One of the more irksome statements that appeared verbatim in at least a couple of the messages was that ‘we must be glad she died doing what she loved’. There was, I supposed, a comfort in knowing she had died in the bush near her childhood home on the country that coursed through her veins, doing what she enjoyed, with someone whom she loved. But the suggestion that any of this made me ‘glad’ was preposterous.
What did make me glad was seeing that there was also a message from Nick.
I hope you managed to get some sleep. I’m thinking of you. x
I put my cursor in the reply box.
Thanks. I slept a bit. The hard part was waking up and realising that it wasn’t all just a bad dream. We’ve got a day of funeral planning ahead of us, so that should add a new layer of heartache. I imagine it will be like a bad group assignment, but with my family, who have less decorum or reliability than uni students.
It was the middle of the night in London, so I knew he wouldn’t reply right away.
I heard a commotion at the front door and knew my family had arrived. When Gerry and I had left Mum and Dad’s place in an Uber (my car was still at work, since I hadn’t made it back to the office from our site visit yesterday), we agreed they’d come around to Gran’s to plan the funeral.
I pulled on yesterday’s pants, and fastened my bra under the T-shirt I’d slept in.
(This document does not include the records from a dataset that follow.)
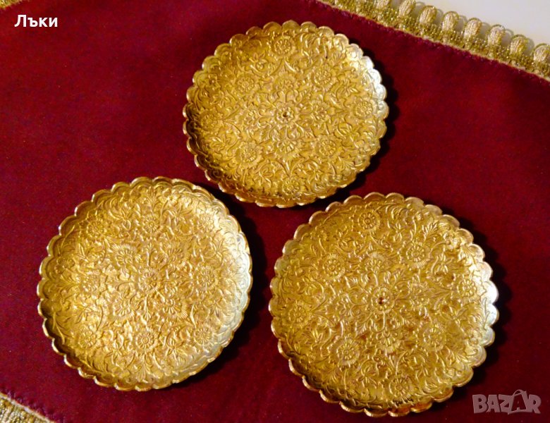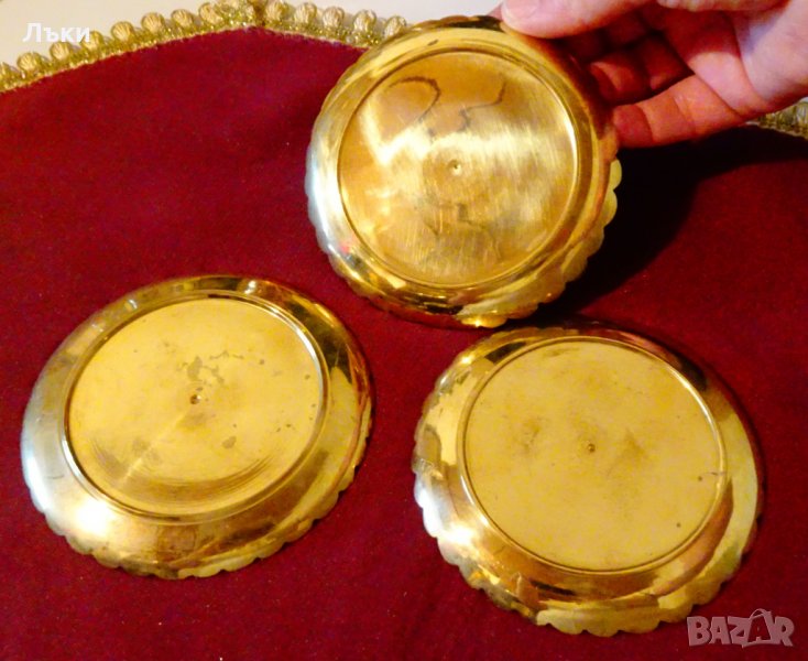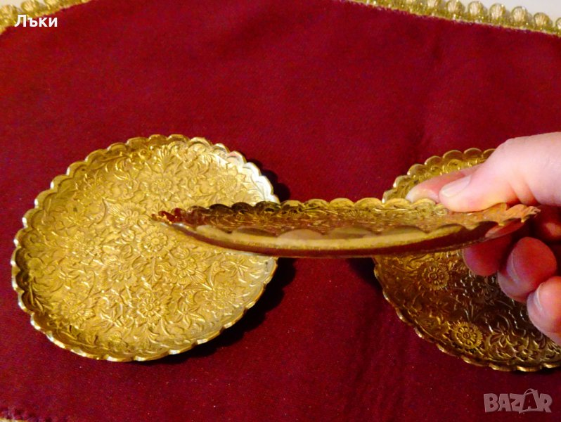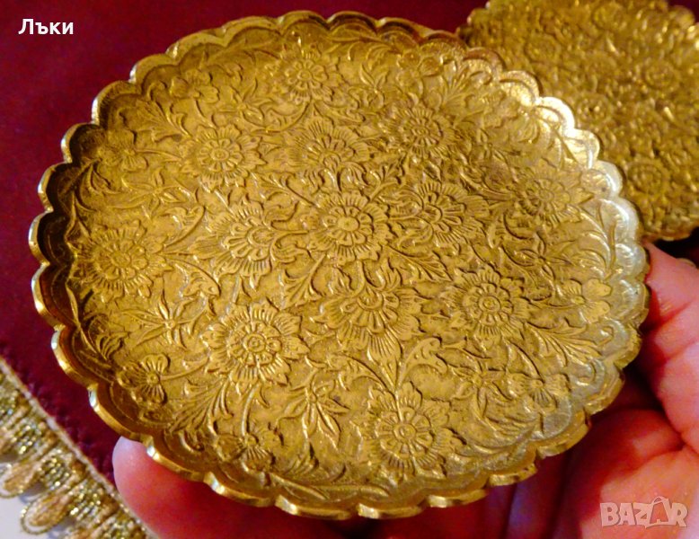 свещник,майсторска ръчна изработка с великолепни релефни цветя и орнаменти.Диаметър 10.5 см.,височина 1 см.Тегло на всяка 100 гр.Налични 4 броя,цена 8 лв.,за брой.
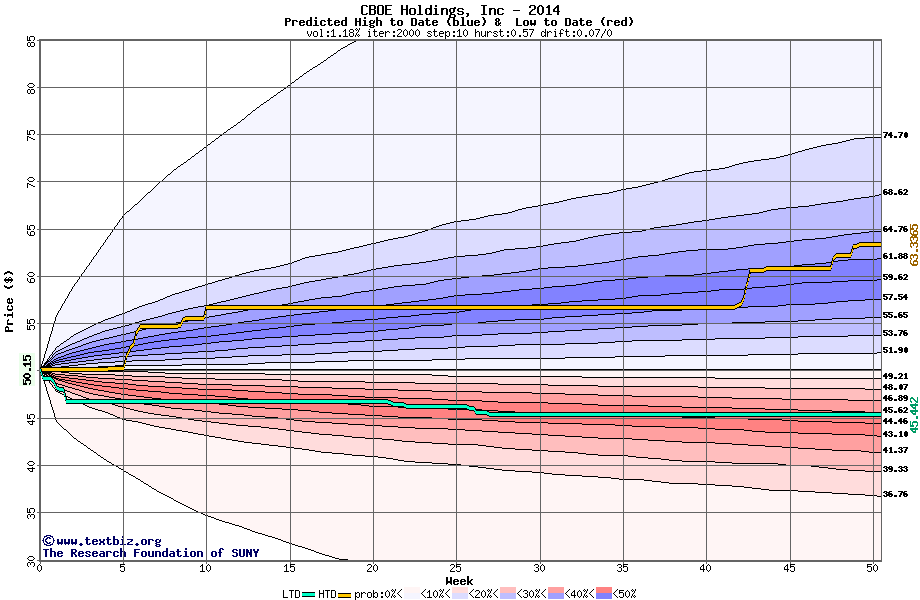 The high to date and low to date prices of the stock plotted against a random walk model for 2014 (what's this?).
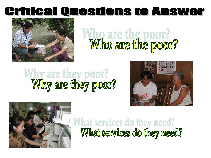 Labanan ang Kahirapan! OUR COMMON CHALLENGES • Build capacities and enhance skills of poor and key stakeholders, to sustainably develop/manage resources • Strengthen and expand partnerships expand networks

I opened the spare bedroom door quietly, so I could sneak to the bathroom to brush my teeth and splash some water on my face before I saw anyone. As I crept down the hallway, I passed Herrick and noticed that a spider had added a web to the beads that hung from his antlers. How dare it just assume permission to make its home on Gran’s beloved jackalope, I thought irrationally. Then, as I reached the bathroom, I heard Mum say that someone had sent her a link to a company that did open-air cremations – like a big bonfire. I felt myself bristle; it would be a testing day.